Search code examples
htmlrusthtml5everkuchiki

How to get all text of a HTML document (except script/style/noscript tags) using Kuchiki?


I'm trying to get all the text on a HTML page, except for non-visible text (example: I don't want text inside script/style/noscript tags).

Here's what I've come up with so far:

let parser = kuchiki::parse_html().one(content);
for child in parser.inclusive_descendants() {
    if let Some(el) = child.as_element() {
        let tag_name = &el.name.local;
        if tag_name == "script" || tag_name == "style" || tag_name == "noscript" {
            child.detach();
        }
    }
}
let text = parser.text_contents();
println!("{}", text);

The idea is that the 1st pass will remove any script, style, or noscript tags.

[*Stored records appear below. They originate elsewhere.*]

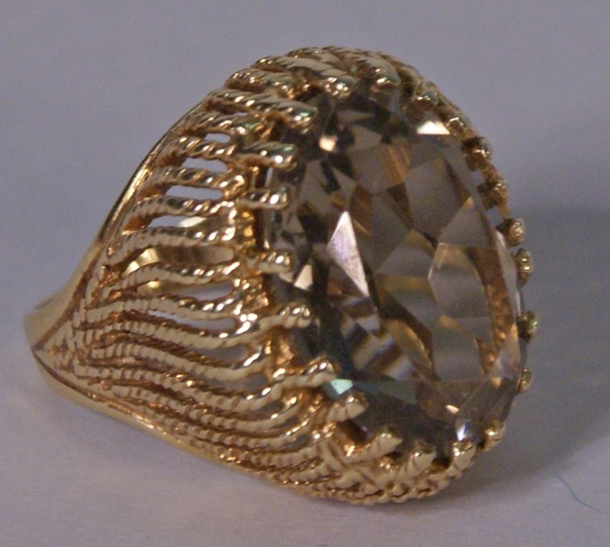 A ladies smoky quartz ring with a 20 x 15 oval shape stone set in a 14 karat yellow gold mounting. A ladies smoky quartz ring with a 20 x 15 oval shape stone set in a 14 karat yellow gold mounting.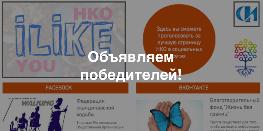 Агентство социальной информации (АСИ) и Теплица социальных технологий подвели итоги НКО, I LIKE YOU! – конкурса страниц некоммерческих организаций в социальных сетях Facebook и ВКонтакте. Две организации, занявшие первые места, получат информационную поддержку от АСИ на полгода.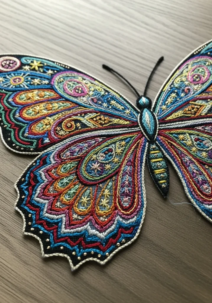 Vibrant Butterfly Wing Embroidery
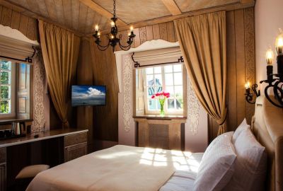 Отель Вилла Тоскана был построен на месте старого немецкого особняка в центральном районе города Калининграда, долгих семь лет над внешним видом и интерьерами номеров трудились люди, посвятившие частичку своей души и часть своей жизни этому проекту. Дом украсил собою центральный район города в котором и до войны были расположены самые шикарные виллы состоятельных и известных жителей Кенигсберга. Своей запоминающейся входной дверью цвета лазурного моря отель выходит на тихую улицу имени Пушкина, а ресторан отеля заканчивается террасой с видом на центральный парк города, деревья которого как зеленой стеной закрывают этот уголок тишины и душевного спокойствия. Гости отеля будут окружены вниманием персонала и стенами, на которых нанесены пейзажи Италии, а день проведенный на Вилле Тоскана начнется с пения птиц и пройдет в неспешной суете под шум фонтана.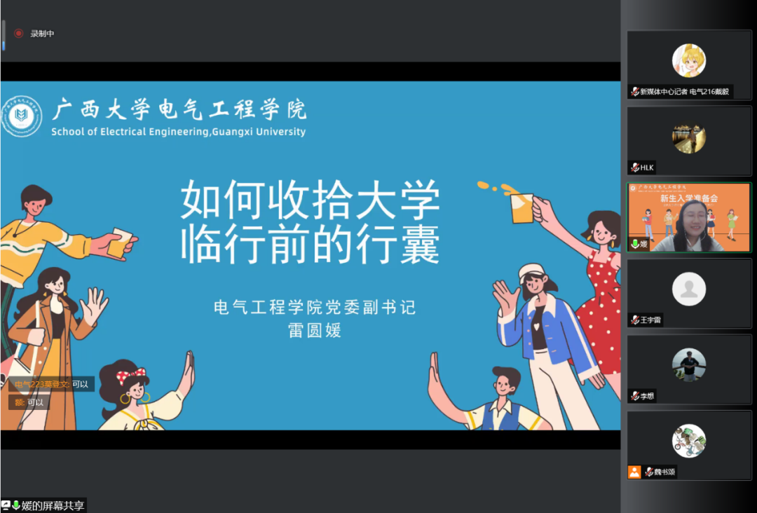 为帮助即将步入大学的2022级本科新生尽快适应大学生活,8月24日,kaiyun官网召开以“收拾大学临行前的行囊——从物品到精神专题”为主题的新生入学准备会,会议采用线上视频会议的形式开展。学院党委副书记雷圆媛、副院长胡立坤出席会议并发表讲话。新生班主任、年级辅导员、教务员、学生干部代表、班助和全体本科新生参加此次会议。会议由学院团委书记石建有主持。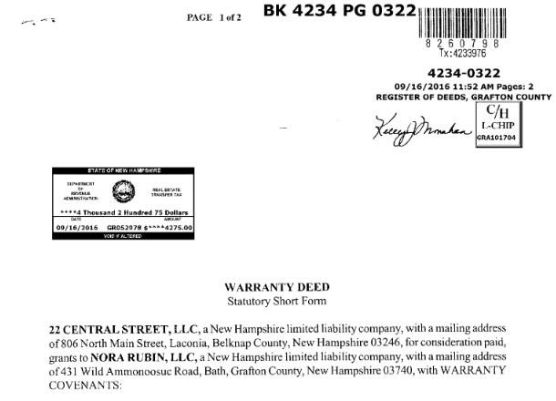 09/16/201642340322QI 285,00022CENTRALSTREETLLC, 08/15/20073438453QI 325,000ROBERTS,JOHNB

And then I can call text_contents to get the visible text.

However, it seems like text_contents is still returning inline Javascript.

Am I mis-understanding the Kuchiki/html5ever API?


Solution

  • The inclusive_descendants() iterator doesn't seem to like iterating over nodes and detaching them.

    Given the following:

    Cargo.toml

    [dependencies]
    kuchiki = "0.8.1"
    

    main.rs

    use kuchiki::traits::TendrilSink;
    
    let content = "\
        <html>\
        <head></head>\
        <body>\
            <div>div </div>\
            <script type='text/javascript'>script </script>\
            <noscript>noscript </noscript>\
            <span>span</span>\
        </body>\
        </html>";
    
    let parser = kuchiki::parse_html().one(content);
    
    for child in parser.inclusive_descendants() {
        if let Some(el) = child.as_element() {
            println!("{}", el.name.local);
        }
    }
    
    // println!("{}", parser.text_contents());
    

    We do get all nodes:

    html
    head
    body
    div
    script
    noscript
    span
    

    When using text_contents() after iterating over them and detaching them like above, the iterator seems to lose track after the first detached node:

    div noscript span
    

    It doesn't seem to depend on the type of tag either, as switching the order of the <noscript> and <script> tag around gives us:

    div script span
    

    I found that detaching the nodes after collecting them first does seem to work:

    parser
        .inclusive_descendants()
        .filter(|node| {
            node.as_element().map_or(false, |e| {
                matches!(e.name.local.as_ref(), "script" | "style" | "noscript")
            })
        })
        .collect::<Vec<_>>()
        .iter()
        .for_each(|node| node.detach());
    
    println!("{}", parser.text_contents());
    
    div span